Three weeks later she had a high-normal plasma carnitine level, despite continued treatment with valproic acid. Myasthenia has not reoccurred, and in fact she continued to improve behaviorally in the next two years on carnitine 1000 milligrams daily. Her serum levels of valproic acid measured 80 mg/L (therapeutic range 50-10) at the time of her myasthenic reaction, while ten days later it measured only 42 mg/L. It seems likely that carnitine repletion enhanced valproate excretion, thus lowering serum level.
Many drugs and chemicals bind to carnitine and thus displace fatty acids which are its physiologic target. As a rule, any molecule that contains a benzene ring is likely to bind to carnitine, and this includes salicylic acid and hundreds of organic acids. For example, depletion is likely in case of Vitamin-B12 deficiency, which increases the excretion of the organic acid, methyl malonic acid. Biotin deficiency has a similar outcome by provoking the excretion of isovaleric acid. Thyroid can aggravate carnitine deficiency by increasing oxidative metabolism, which depends on carnitine. Weight loss and prolonged physical exercise both increase carnitine use and can thus deplete reserves. Children are at greater risk since their ability to synthesize the vitamin is not fully developed and this may be a factor in aspirin-induced Reye’s Syndrome. Vegetarians are also at risk because of dietary deficiency of carnitine and its precursors, Vitamin B12, methionine, and zinc.
In summary, carnitine deficiency must be considered in all sick patients, especially those on valproic acid, aspirin, NSAIDs, tranquilizers (both phenothiazines and benzodiazepines), antibiotics, and cancer chemotherapy agents. The increased use of valproic acid since 1989 is good reason for all physicians and psychiatrists to be aware of medication-induced carnitine deficiency.
It does still haunt me to think that my unpublished-but-documented case report and research insights into carnitine might have influenced someone and perhaps even saved lives. But it is a long-shot to expect that. There was very little sign of readiness by the orthodox medical world to participate in orthomolecular dialogue on such an important issue then. Is the orthodox medical world ready yet to begin “putting nutrition first?”

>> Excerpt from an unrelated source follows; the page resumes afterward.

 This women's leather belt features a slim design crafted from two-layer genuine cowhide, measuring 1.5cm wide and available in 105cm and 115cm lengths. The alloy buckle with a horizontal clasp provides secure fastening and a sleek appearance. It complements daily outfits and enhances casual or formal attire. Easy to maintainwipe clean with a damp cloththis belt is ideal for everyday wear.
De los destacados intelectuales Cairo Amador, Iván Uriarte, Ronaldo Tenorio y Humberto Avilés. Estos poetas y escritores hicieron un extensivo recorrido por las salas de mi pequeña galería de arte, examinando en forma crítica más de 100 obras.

 Shils ME, Olson JA, Shike M, Modern Nutrition in Health and Disease, 8th Ed (1994); 459.
 Murray RK, Mayes PA, Granner DK, Rodwell VW, Harper’s Biochemistry, 22nd Ed (1990). Appleton and Lange, Norwalk, CT.
 Rai G, et al., “Double-blind, placebo-controlled study of acetyl-l-carnitine in patients with Alzheimer’s dementia,” Curr Med Res Opin (1990); 11:638-647.

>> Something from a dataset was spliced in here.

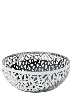 Frutera escultórica perforada realizada en acero inoxidable 18/10 brillante.

 Murakami K, Sugimoto T et al., “Abnormal metabolism of carnitine and valproate in a case of acute encephalopathy during chronic valproate therapy,” Brain & Development (1992); 14 (3)178-182.
 Quistad GB, Staiger LE and Schooley DA, “The role of carnitine in the conjugation of acidic xenobiotics,” Drug Metabolism and Disposition (1986); 14 (5) 521-524.
 Hiraoka A, Arato T, Tominaga I., “Reduction in blood free carnitine levels in association with changes in sodium valproate disposition in epileptic patients treated with valproic acid and other anti-epileptic drugs,” Biol & Pharm Bull (1997); 20:91-93.
 Fenn HH, Robinson D, Luby V et al., “Trends in pharmacotherapy of schizoaffective and bipolar affective disorders,” Am J Psychiatry (1996); 153:711-713.